Management Commentary

  • “I’m excited for the upcoming opportunity to serve patients with ATTR-CM in the commercial marketplace… proud to have released our first case study in The Journal of Portfolio Management” — Neil Kumar, CEO .
  • “We are prepared to launch acoramidis in the U.S., upon approval by the FDA, at the end of 2024… and to read out our three ongoing Phase 3 studies in 2025.” — Brian Stephenson, CFO .
  • “It is our intent to honor the courage of our U.S. clinical trial patients by providing them acoramidis free for life.” — Acoramidis program update .
  • On post-hoc outcomes: “A 42% reduction in composite ACM and recurrent CVH events… at 30 months” — Late-stage update .
  • Post-quarter approval webcast: “Attruby… is the only oral stabilizer with… near complete stabilization in the label… 42% relative risk reduction against hospitalization and death; 50% reduction in CV hospitalization at 30 months.” — Neil Kumar .

Q&A Highlights

  • The Q3 2024 earnings call transcript was not available in the document corpus; therefore, Q&A themes and clarifications cannot be summarized. We will update if the transcript becomes available.

Estimates Context

  • Wall Street consensus (S&P Global) for Q3 2024 revenue and EPS could not be retrieved due to an SPGI daily request limit; as a result, we cannot assess beat/miss versus consensus at this time. We will refresh when access is restored.
  • Reported results: revenue $2.7M and GAAP EPS $(0.86) for Q3 2024 .

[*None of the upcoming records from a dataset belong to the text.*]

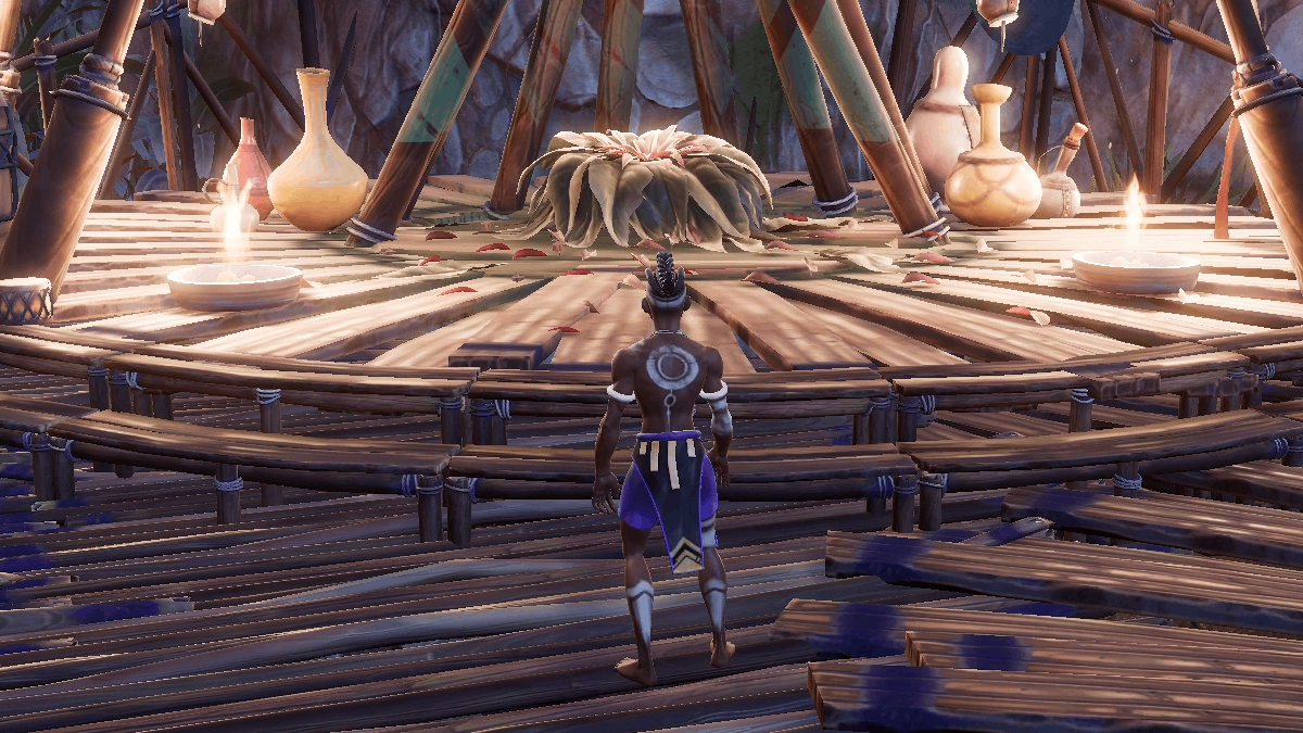 To begin searching for Zawadi’s Hook, head left from the heart of the village to find Sabulana’s home. You can find some clues to the locations of the three ingredients here. Jump through the higher floors of her home and continue until the ledge ends. Drop down to the lower level.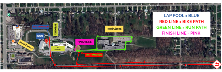 7:30 to 8:30 am - Mandatory check-in, swag and bib pickup, gear from the Cleveland Tri Club, a cookie ticket at C & J Best Bakes, Raising Cane’s meal voucher, and other info at the rec center.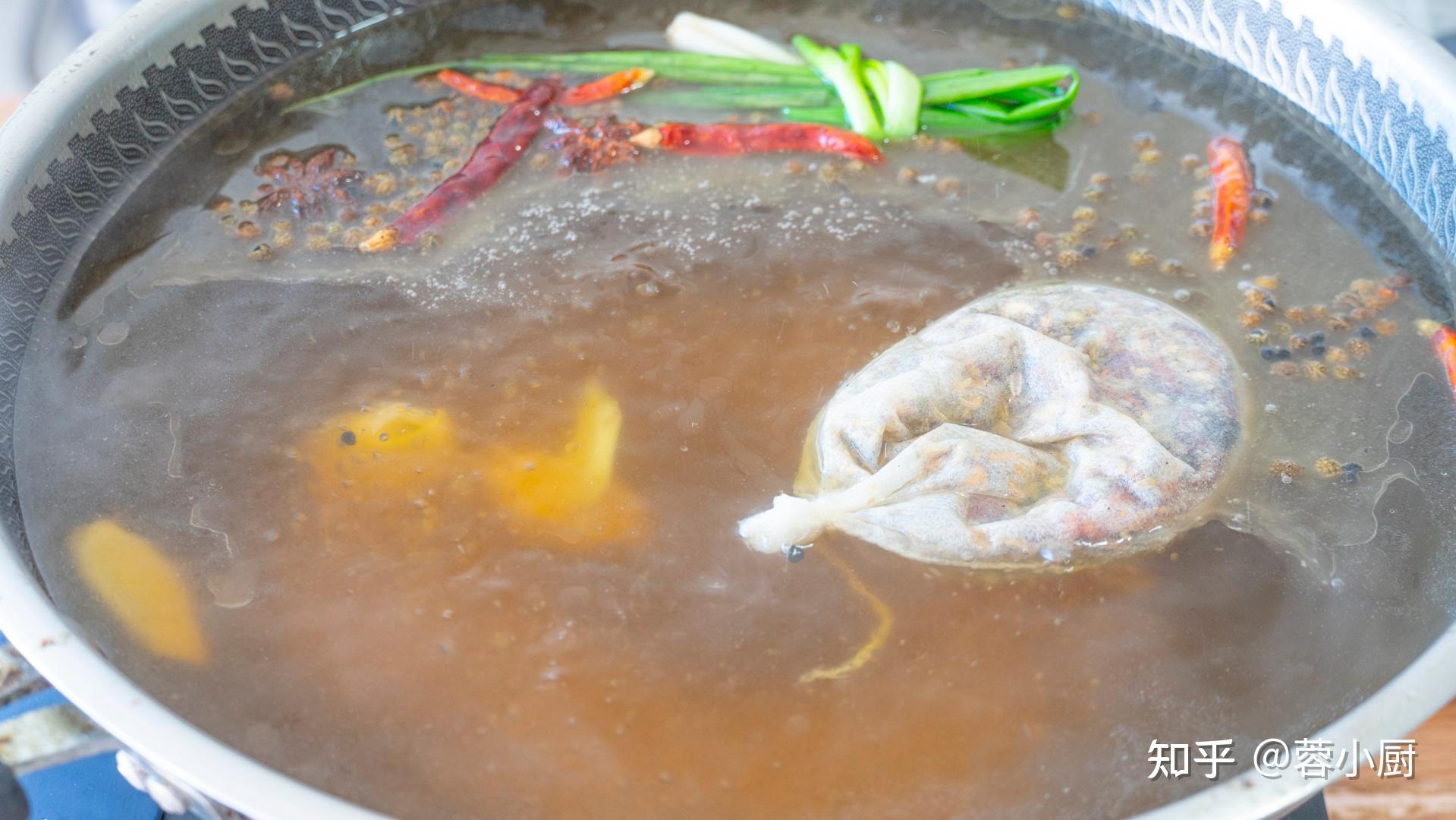 4、然后倒入开水,加葱结、姜片、干辣椒、花椒、八角,再来一个卤料包,没有的话其实也可以不加,卤料包主要的作用是增香提味儿,其实一般的大料也是可以的。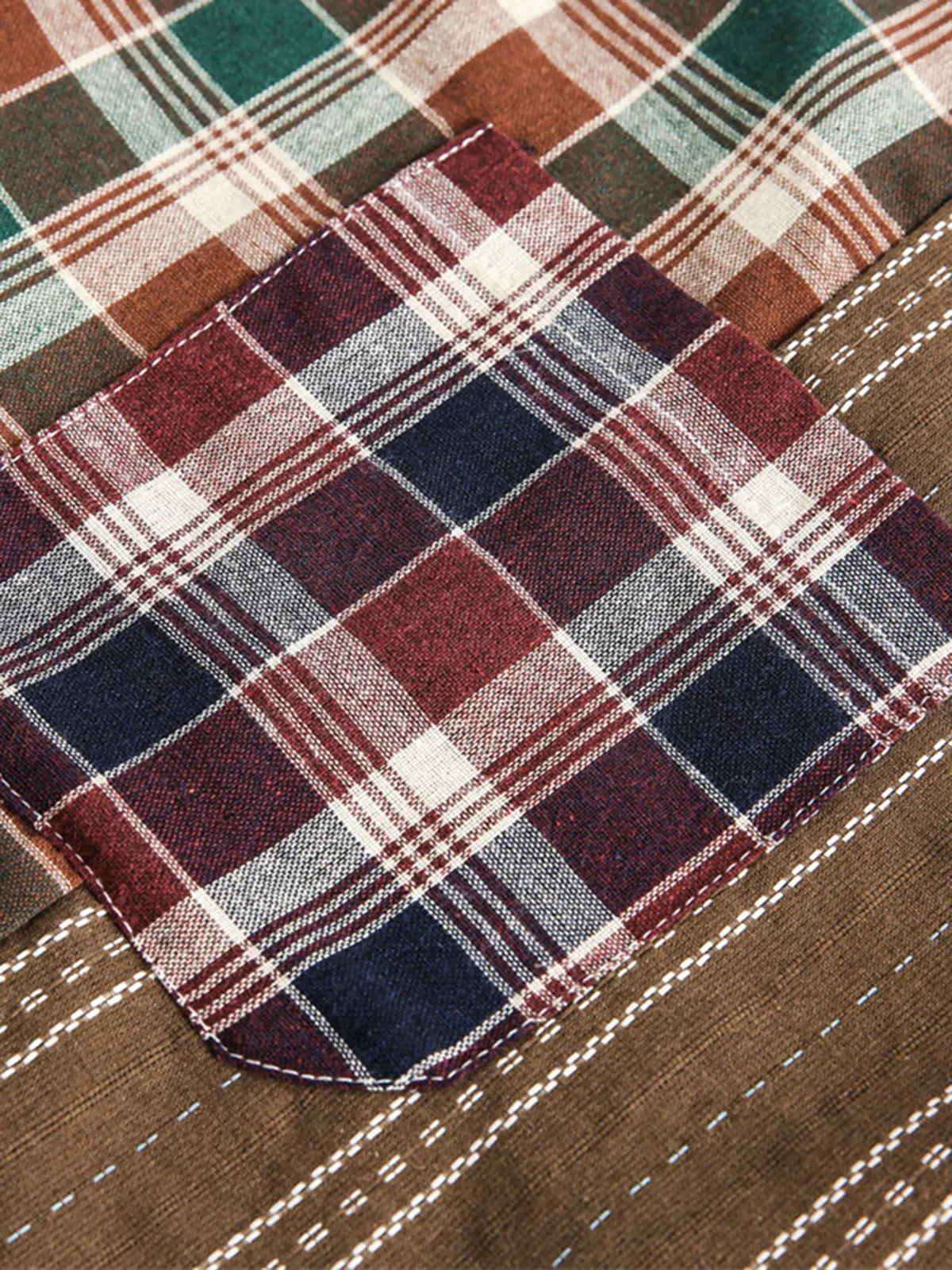 独特なパッチワークデザインが魅力的なヴィンテージ風の長袖シャツ。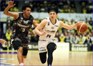 ドリブルするレバンガ北海道の星野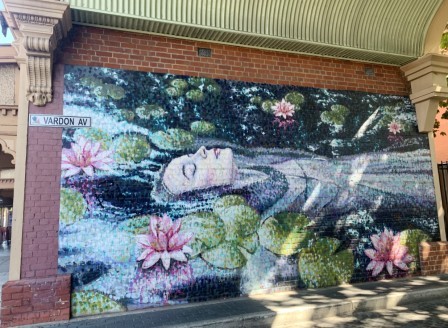 Another mural is by artist Jimmy C and depicts the Shakespearean character of Ophelia with inspiration from the Adelaide Botanic Garden’s sacred lotus.

Key Takeaways for Investors

  • Near-term: Post-quarter FDA approval of acoramidis (Attruby) transforms BBIO into a commercial-stage story in a large market; label highlights near-complete stabilization and hard outcomes reduction—key for uptake; strong access/pricing stance may accelerate adoption .
  • Cash inflows: Approval triggers $500M milestone under the royalty funding agreement; EU/JP approvals would add $105M aggregate—material liquidity catalysts alongside $405.7M cash/short-term restricted cash at Q3 end .
  • 2025 pipeline readouts: Three Phase 3 readouts expected (LGMD2I/R9, ADH1, achondroplasia)—multiple value-inflection points beyond acoramidis -.
  • Infigratinib differentiation: FDA Breakthrough Therapy Designation plus statistically significant AHV and proportionality signals at low dose underpin potential best-in-class oral profile; enrollment on track - .
  • Capital allocation: Operating expense intensity reflects launch prep and late-stage advancement; gene therapy spend trimmed by >$50M, with partnering pursued for CAH to preserve focus/capital .
  • Evidence strength: Recurrent event analyses and OLE data deepen the clinical impact narrative for acoramidis—supporting share gains versus existing therapies .
  • Watch items: Early launch metrics for Attruby (switching dynamics, TTR stabilization monitoring, hospitalization trends), EU/JP regulatory timelines, and 2025 Phase 3 data cadence.

Appendix: Additional Q3-Relevant Press Releases (select)

  • FORTIFY (BBP-418) enrollment completed; interim readout 2025; potential U.S. Accelerated Approval via αDG surrogate -.
  • Infigratinib (achondroplasia) received FDA Breakthrough Therapy Designation; PROPEL 3 enrollment targeted to complete by year-end -.
  • BBP-812 (Canavan) received RMAT; exploring Accelerated Approval pathway; positive functional signals reported -.
  • CAH gene therapy BBP-631: first-ever endogenous cortisol production increases in CAH; BBIO to reduce gene therapy budget and seek partners -.